2.7. Western Blotting
U2OS cells were trypsinized and cell pellets lysed in 1 volume of 1X lysis buffer (10 mM Tris pH 7.4, 150 mM NaCl, 1 mM EDTA, 1% Triton X100, 0.5% NP-40) for 30 min at 4 °C and centrifuged for 15 min at 15,000 g and 20 µg of proteins from the supernatants were electrophoresed on a 10% SDS-PAGE gels and transferred onto nitrocellulose membranes. Immunoblotting was performed using the following antibodies: AR (D6F11 from CST, 1/1000), GR (D6H2L from CST, 1/1000), and GAPDH (14C10 from CST, 1/5000), and proteins were visualized by chemiluminescence detection using the ECL RevelBlot Plus or RevelBlot Intense (Ozyme, Paris, France).
2.8. Whole-Cell AR Competitive Binding Assays
U2OS hAR-AREluc cells were seeded at a density of 80,000 cells per well in clear-bottomed 96-well plates (Greiner Bio-One, Courtaboeuf, France). The day after, cells were labeled with 0.3 nM [3H]-R1881 (41.3 Ci/mmol specific activity) in the absence or presence of enzalutamide, harmol (0.01–10 μM), or unlabeled R1881 (0.01–300 nM) for 3 h at 37 °C, and washed three times with 200 μL of cold PBS, to eliminate unbound material.

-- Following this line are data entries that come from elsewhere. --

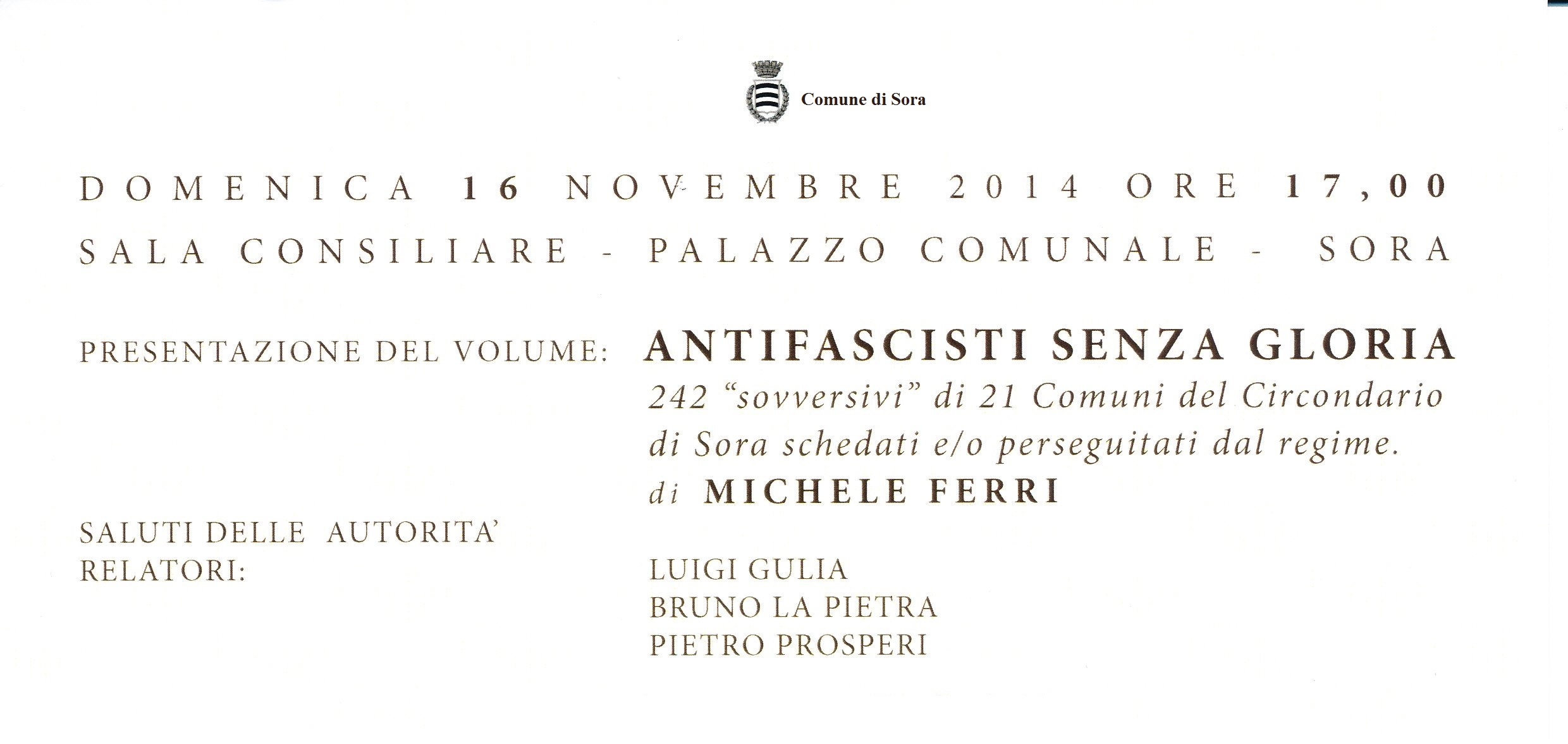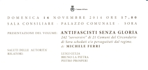 invitopresentazioneLibroProfF.erriDomenica 16 novembre 2014, alle ore 17.00, nella Sala Consiliare del Comune di Sora, verrà presentato il volume del Prof. Michele Ferri “ANTIFASCISTI SENZA GLORIA: duecentoquarantadue “sovversivi“ di ventuno Comuni del Circondario di Sora schedati e/o perseguitati dal regime”.
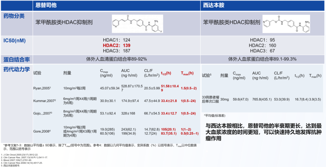 长效制剂的开发是提升患者依从性和生活质量的必要手段,不仅可以保持更稳定的血药浓度、更低的给药频率,也会进一步提升患者生活质量和用药依从性,进而保障治疗效果[16]。在HR+乳腺癌治疗的后CDK4/6i时代,HDAC抑制剂(HDACi)发挥着举足轻重的作用,目前我国已获批的HDACi包括西达本胺和恩替司他。西达本胺的终末消除半衰期较短,约为17h,相应用药方法为每周口服2次,每次30mg(6片)[17]。恩替司他的半衰期则约为52~62h,每周口服1次,每次5mg(1片)[18]。自此,相对更长效的恩替司他以更便捷、更简易的用药方式开启了HR+乳腺癌的“周疗”时代,从药物设计层面响应CDE“以患者为中心”的要求,为改善患者治疗体验、提升患者依从性发挥中国创新的力量(表3)。
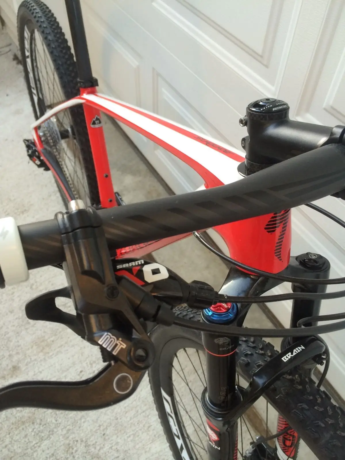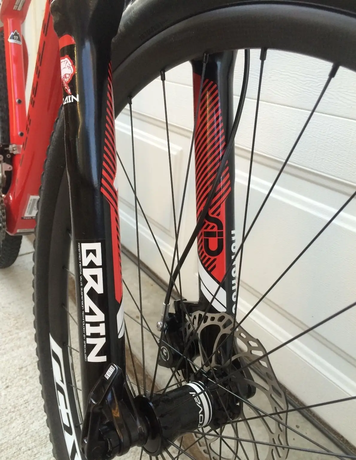 FORK: Custom RockShox SID 29 Brain, inertia valve damper, Solo Air spring, tapered alloy steerer, top-mount Brain Fade and rebound adj., 15mm thru-axle, 90mm travel
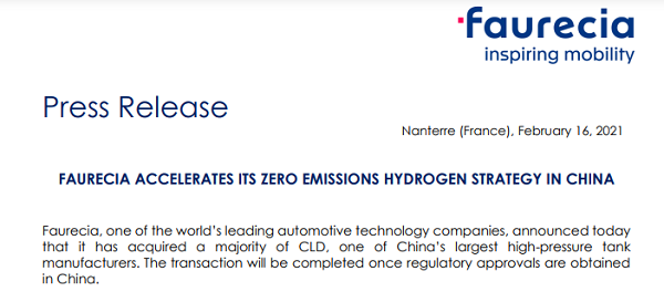 ?2月16日,佛吉亞(FAURECIA)宣布已收購中國最大高壓氣瓶公司斯林達(CLD)大部分股權(quán),交易將在獲得相關(guān)部門審批后完成。截止目前,雙方并未透露具體的收購金額。根據(jù)了解,此次收購為絕對控股,雙方將為中國市場開發(fā)生產(chǎn)III型和IV型儲氫罐。
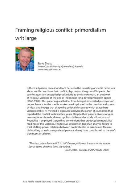 "Is there a dynamic correspondence between the unfolding of media narratives about conflict and how that conflict plays out on the ground? In particular, can this question be applied productively to the Maluku wars, an outbreak of religious violence at the end of Indonesia’s long developmentalist epoch (1966-1998)? This paper argues that far from being disinterested purveyors of unproblematic truths, media workers are implicated in the creation and spread of ideas and images that shape the political discourses which exacerbate violent conflict. Its method is discourse analysis of a canon of journalism that reported the conflict in its first few years. Despite their papers’ diverse origins, news reporters from both metropolitan dailies under study – Kompas and Republika – employed storytelling conventions that produced ‘primordialist’ readings of this violence. This textual strategy on top of an analytic failure to track shifting power relations between political elites in Jakarta and Maluku did nothing to assist a negotiated peace and may have contributed to the war’s significant escalation." (Abstract)
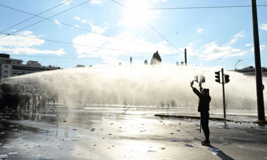 Η ΕΛ.ΑΣ επιστράτευσε χημικά και αύρες προκειμένου να απομακρύνει τους κουκουλοφόρους. Μετά το Ζάππειο και την Ομόνοια, η υδροφόρα «Αίαντας» πήγε και στο Σύνταγμα, προκειμένου με τις ρίψεις νερού να διαλύσουν τη συγκέντρωση, στο σημείο το οποίο βρισκόντουσαν διαδηλωτές όπως φαίνεται και από το σχετικό βίντεο.

Cells were then lysed with 50 μL of LSC-cocktail (Emulsifier-Safe, Packard BioScience, Wellesley, MA, USA), and [3H]-bound radioactivity was counted in scintillation liquid with a microbeta trilux (Perkin Elmer, Wellesley, MA, USA). Non-specific binding was determined in the presence of 300 nM unlabeled R1881. Specific binding was calculated by subtracting non-specific binding from the total binding, and expressed as disintegrations per minute (dpm). The results were plotted as % of maximal [3H]-R1881 specific binding, which was obtained in the absence of a competitor (250–300 dpm) and set at 100%. IC50 values were defined as the concentrations required to decrease maximal [3H]-R1881 binding by 50%. Relative binding affinities (RBA) were calculated as IC50 ratios between each competitor and R1881. The RBA value for R1881 was arbitrarily set at 100.
3. Results
3.1. High-Throughput Screening of AR and ARv7 Inhibitors
In order to identify compounds that could impair the transcriptional activity of AR or of its splice variant ARv7, we used the human U2OS osteosarcoma cells that were stably transfected with each form of the receptor, and a plasmid encoding the luciferase reporter gene under the control of AR responsive elements (ARE) (Figure 1A).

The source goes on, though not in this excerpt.